Political theory is the theory of government.
It is a sub-branch of ethics, and economics, in turn, is a sub-branch of politics.
Ethics — the science of human action — precedes politics because politics is the science of human action in societies, and societies are composed only of individuals. For this reason, the individual has hierarchical primacy.
The science of economics is inescapable:
As long as humans produce food, clothing, shelter, oil, transportation, and all their luxury items in order to live, economics will exist as a profound human need.
Economics is the science that studies production and exchange in a division-of-labor society.
“Exchange,” said Adam Smith, “is political economy. It is society itself.”
The science of economics is hierarchically dependent upon politics, which is in turn hierarchically dependent upon ethics.
Ethics is the science of human action.
Politics is the science of human action in societies.
This is why property is the very nucleus of economics.
Property, correctly defined, is “not only money and other tangible things of value, but also includes any intangible right considered as a source or element of income or wealth. It is the right to enjoy and to dispose of certain things in the most absolute manner” (George Reisman, Socialism and Capitalism).
Property refers not only to material goods but to the action required to produce those goods.
“What makes the science of economics necessary — and important — is the fact that while human life and well-being depend on the production of wealth, and the production of wealth depends on the division of labor, the division of labor does not exist or function automatically. Its functioning crucially depends on the laws and institutions countries adopt” (Ibid).
Property is the screw that forever joins economics and politics.
Thus we can see that in philosophical terms the two primary economic questions are these:
Do humans have the absolute right to produce and exchange?
Or are humans only allowed to do so by governmental permission?
These questions were answered in one way by the French economist Claude Frédéric Bastiat (1801-1850):
“Life, liberty, and property do not exist because men have made laws.
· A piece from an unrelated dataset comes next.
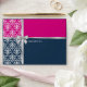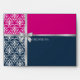 Damask Faux Silver Ribbon Navy Blue Fuchsia Envelope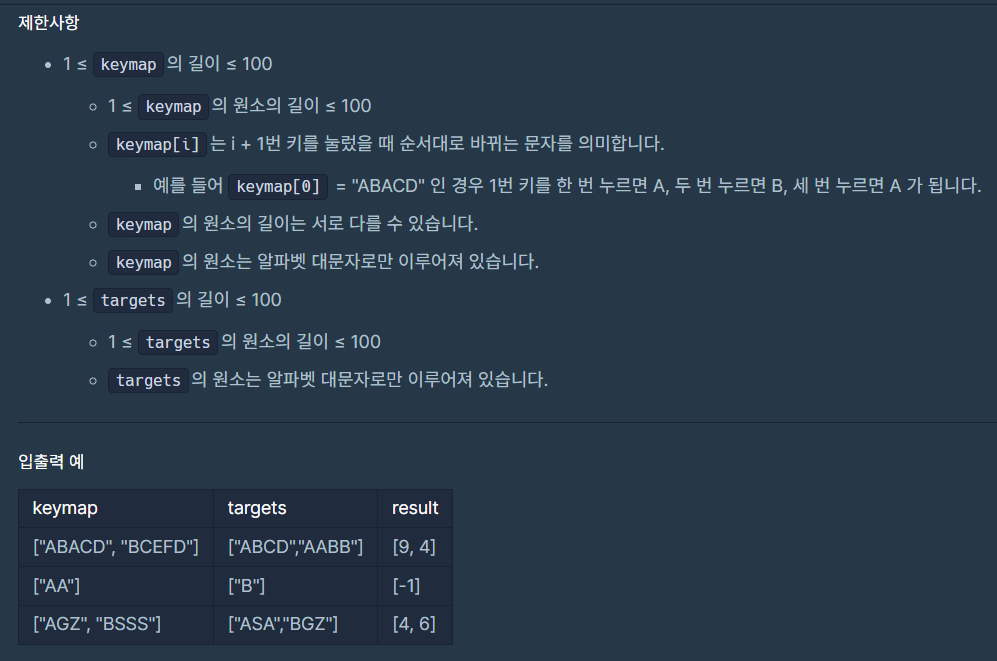 // 시간 복잡도 O(keymap.length()*keymap[n].length)

On the contrary, it was the fact that life, liberty, and property existed beforehand that caused men to make laws in the first place.”
“Property is prior to law; the sole function of the law is to safeguard the right to property wherever it exists, wherever it is formed, in whatever manner the worker produces it, whether individually or in association, provided that he respects the rights of others…. Law is the organization of the natural right to legitimate self-defense, it is the substitution of collective force for individual forces, to act in the sphere in which they have the right to act, to do what they have the right to do: to guarantee security of person, liberty, and property rights, to cause justice to reign over all.”
Bastiat believed that humans are each born free, and the free market is simply a natural extension of those naturally endowed freedoms – or as he called it, “economic harmony among individuals.”
The above questions were, however, answered in quite a different way by Karl Marx:
“The theory of the Communists may be summed up in the single sentence: Abolition of private property…. You are horrified at our intending to do away with private property. But in your existing society, private property is already done away with for nine-tenths of the population; its existence for the few is solely due to its non-existence in the hands of those nine-tenths. You reproach us, therefore, with intending to do away with a form of property, the necessary condition for whose existence is the non-existence of any property for the immense majority of society.”
Marx and Engels sought to confuse a perfectly self-evident fact: namely, all that you own is actually yours — in full — and the same goes for everyone else, whether it’s a tent and a sleeping bag, or a trillion dollar mega-corporation.
You see, Marx and Engels drew a half-assed distinction between private property and what Marx called “bourgeoisie property” — by which he meant “capital and commodities.”
But this distinction is only apparent, if that:
For not only does it fail spectacularly in practice every single time, as history has now repeatedly shown: it does so for a specific reason:
By breaching the very principle of private property — to any degree and in any form — all property is necessarily left vulnerable to coercive government and arbitrary expropriation.
If someone says that you do not actually own in full all that you actually own in full, there’s no way to fully protect all that is yours by right.
It must never be forgotten that property of any kind can only be expropriated by an act of force.
The rest of economics is mainly an elaboration upon property. (Money, it should be noted again, is a form of property.)
As stated before, the only alternative to privately owned property is governmental or “communal” property, both of which amount to the same thing: property run and regulated by an elite bureau.
Economically, if you don’t believe in full private-property rights and a system of laws that protects them, you perforce believe that economics — the science of production and exchange — requires government politicians and bureaucrats to make it run aright.
But the history of human societies has time and again proven that the exact opposite is true.